## AIM OF THE TASK
Begin at the line containing "2025年へび年年賀状 手書きのかわいいフォトフレーム 写真年賀状" in the records below, end at the line containing "Autograph Letter Signed", and retype each line in that span exactly. No other line and no image should appear.

## DATA
★ ★ ★

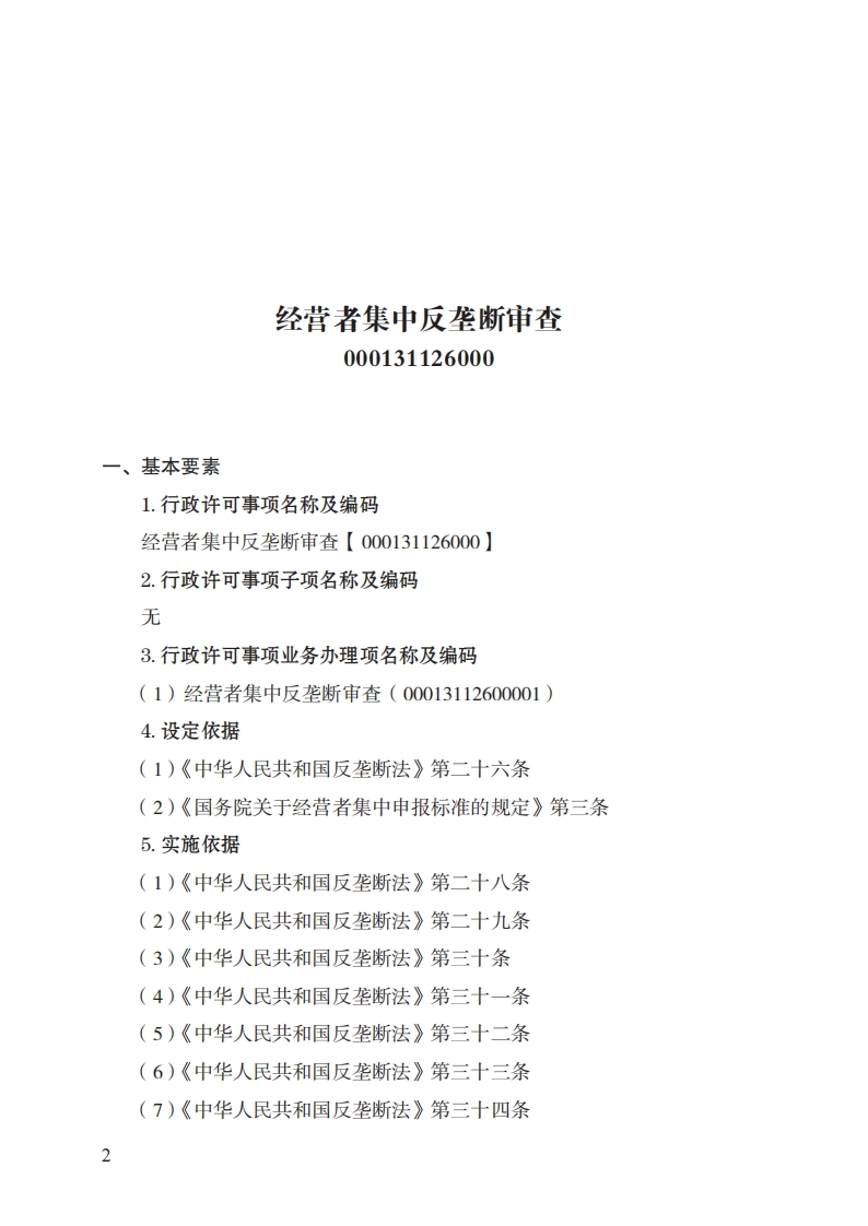 26经营者集中反垄断审查实施规范348072@abc8小时前发布关注私信0.26MB13页03826经营者集中反垄断审查实施规范此内容为付费资源,请付费后查看¥32¥39黄金会员免费钻石会员免费立即购买您当前未登录!建议登陆后购买,可保存购买订单付费资源 第1页 / 共13页 第2页 / 共13页 第3页 / 共13页 第4页 / 共13页 第5页 / 共13页 试读已结束,还剩8页,您可下载完整版后进行离线阅读 THE END标准规范 文本预览 26经营者集中反垄断审查实施规范(基本要素)一、行政许可事项名称:经营者集中反垄断审查二、中央主管部门:市场监管总局三、实施机关:市场监管总局四、设定和实施依据:《中华人民共和国反垄断法》五、子项无 查看更多 收起部分 喜欢就支持一下吧收藏
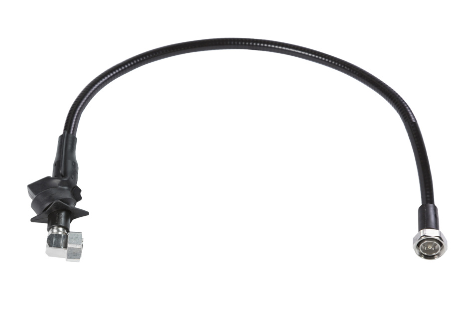 HELIAX® 1/2" Superflexible SureFlex® Jumper with interface types 4.3-10 Male Right angle and 7-16 DIN Female with HELIAX® SureGuard weatherproofing, 1M, (boot on HR end only, and DF end no boot)
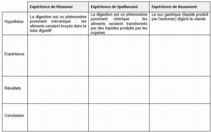 L'étude de la digestion en classe peut être l'occasion avec les élèves de revenir sur quelques expériences importantes dans l'histoire des sciences comme celles de Réaumur, Spallanzani et Beaumont. Cette étude sera complétée d'un compte rendu rédigé dans l'outil collaboratif d'e-lyco : le "PAD"
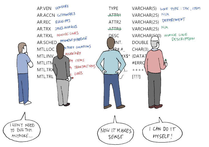 Add a layer of your organization’s vocabulary to the inadequate, confusing and generic naming in databases of packaged applications.
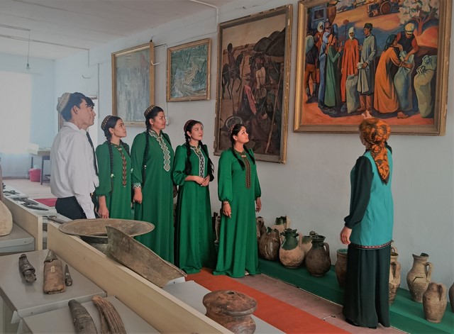 etmäne gelýärler. Okuwçylar muzeýe gezelenç etmek bilen obanyň taryhy
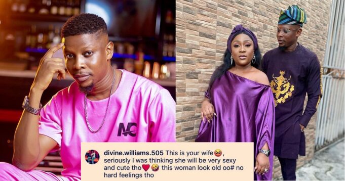 Reacting, the follower stated that she expected the actor to be married to a woman that looks physically attractive and sexy, but instead his wife looks old.
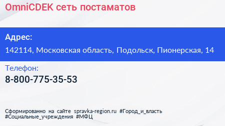 OmniCDEK, сеть постаматов по адресу 142114, Московская область, Подольск, Пионерская, 14 в дальнейшем Организация, размещена в следующих категориях:
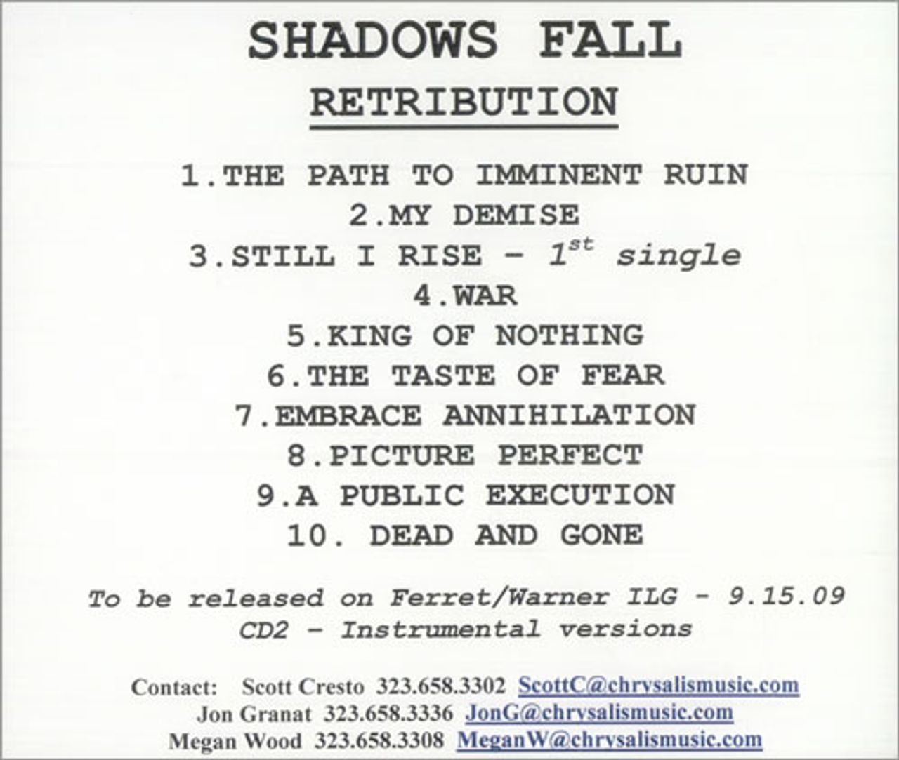 Shadows Fall Retribution US Promo CD-R acetate
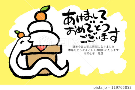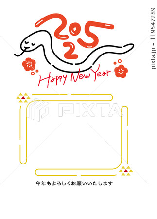 2025年へび年年賀状 手書きのかわいいフォトフレーム 写真年賀状 1箇所 縦向きのイラスト素材119547289- PIXTA。
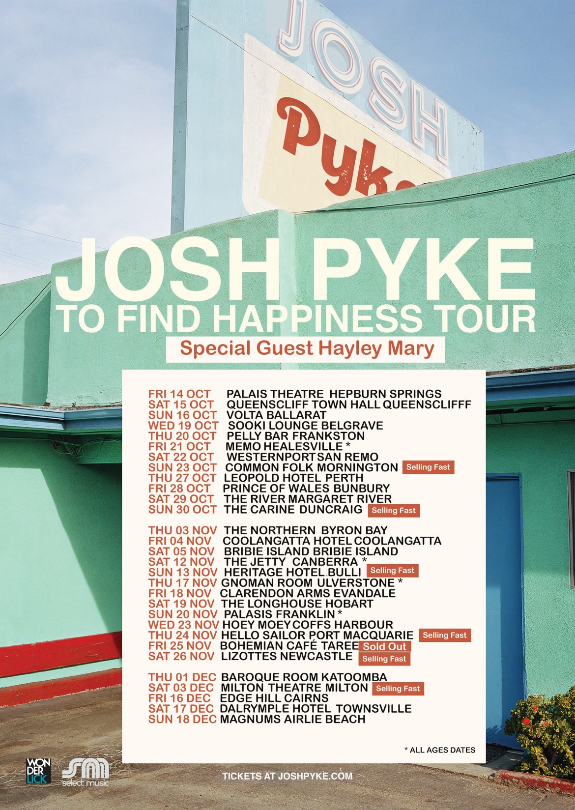 All over the east coast of Australia with a smattering of festivals to bookend the tour.
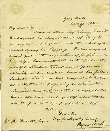 Autograph Letter Signed to William M Moulton, 1 page 4to (traces of former mounting on the back), George Street [Hanover Square, London}, 29 September 1834. Reporting, in glowing terms, on the outstanding conduct of Moulton's son while a pupil of Earle's. 'He has uniformly evinced zeal in the acquisition of professional knowledge, humanity towards the patients, respectful attention towards myself; and urbanity in his conduct towards his fellow students. ...' £125 [No: 8188] |
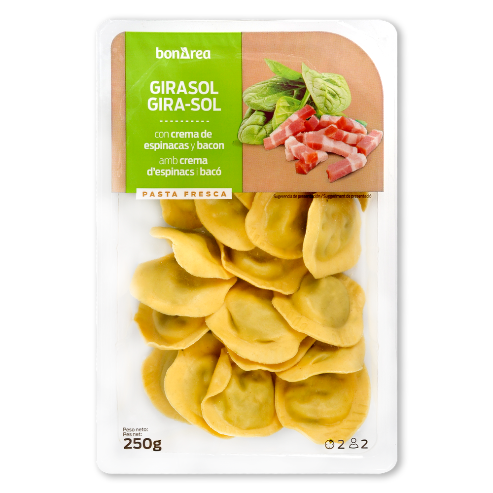 Presentamos un nuevo producto de pasta fresca al huevo rellena con espinacas y bacon en formato de sol pequeño, la combinación perfecta de verdura con carne. Además, con nuestras salsas bonÀrea se pueden combinar para presentar un plato exquisito.
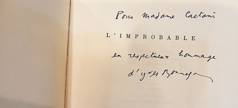 Édition originale imprimée sur papier courant, in-8 broché (190x140mm), 190 pages. Exemplaire dédicacé et signé par l'auteur sur le deuxième feuillet. Yves Bonnefoy (1923-2016) ne fut pas seulement le poète que l'on connait (Les Planches courbes -2003, Du mouvement et de l'immobilité de Douve-1953), il fut aussi l'auteur de livres d'artiste avec Raoul Ubac (Pierre écrite), Joan Miro (Anti-Platon), Alechinsky ainsi que traducteur (de Yeats, Shakespeare, Léopardi, Pétrarque) et professeur au Collège de France titulaire de la chaire d'Études comparées de la fonction poétique de 1981 à 1993. Dans les années 50 il effectue de nombreux voyages en Italie et suit à l'École Pratique des Hautes Études le séminaire d'André Chastel. Ce recueil constitué d'une dizaine d'essais médite et met en relief les Fleurs du mal de Charles Baudelaire, les figures tutélaires artistiques et littéraires majeures de Raoul Ubac, Balthus, Paul Valéry et quelques figures du Quattrocento Masaccio, Uccello; enfin les prestigieux Tombeaux de Ravenne. Dos passé, charnière légèrement fendillé, intérieur en bon état.
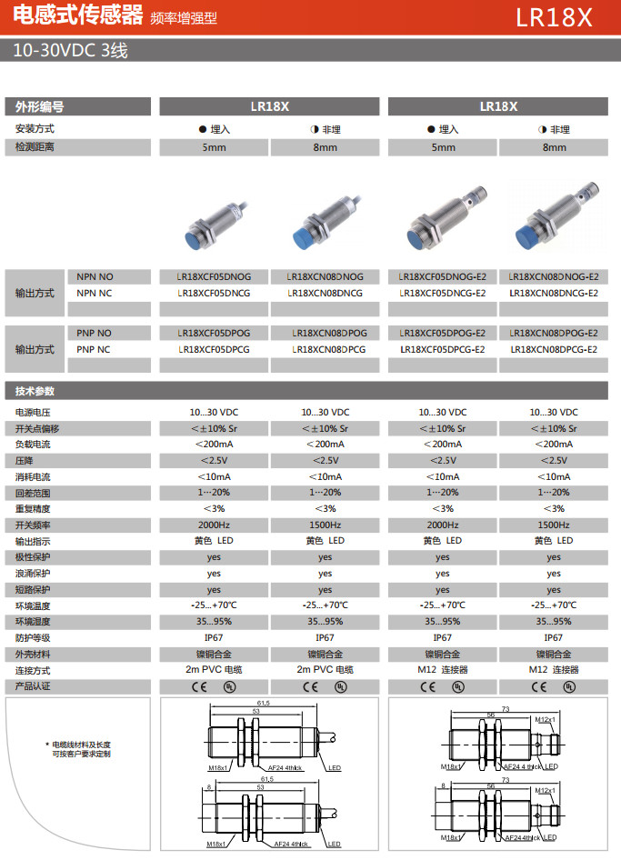 LR18XCF05DNOG,LR18XCF05DNCG,LR18XCF05DPOG,LR18XCF05DPCG,LR18XCN08DNOG,電感式傳感器

★ ★ ★

## RESULT FOR THIS TASK
 2025年へび年年賀状 手書きのかわいいフォトフレーム 写真年賀状 1箇所 縦向きのイラスト素材119547289- PIXTA。
 All over the east coast of Australia with a smattering of festivals to bookend the tour.
 Autograph Letter Signed to William M Moulton, 1 page 4to (traces of former mounting on the back), George Street [Hanover Square, London}, 29 September 1834. Reporting, in glowing terms, on the outstanding conduct of Moulton's son while a pupil of Earle's. 'He has uniformly evinced zeal in the acquisition of professional knowledge, humanity towards the patients, respectful attention towards myself; and urbanity in his conduct towards his fellow students. ...' £125 [No: 8188] |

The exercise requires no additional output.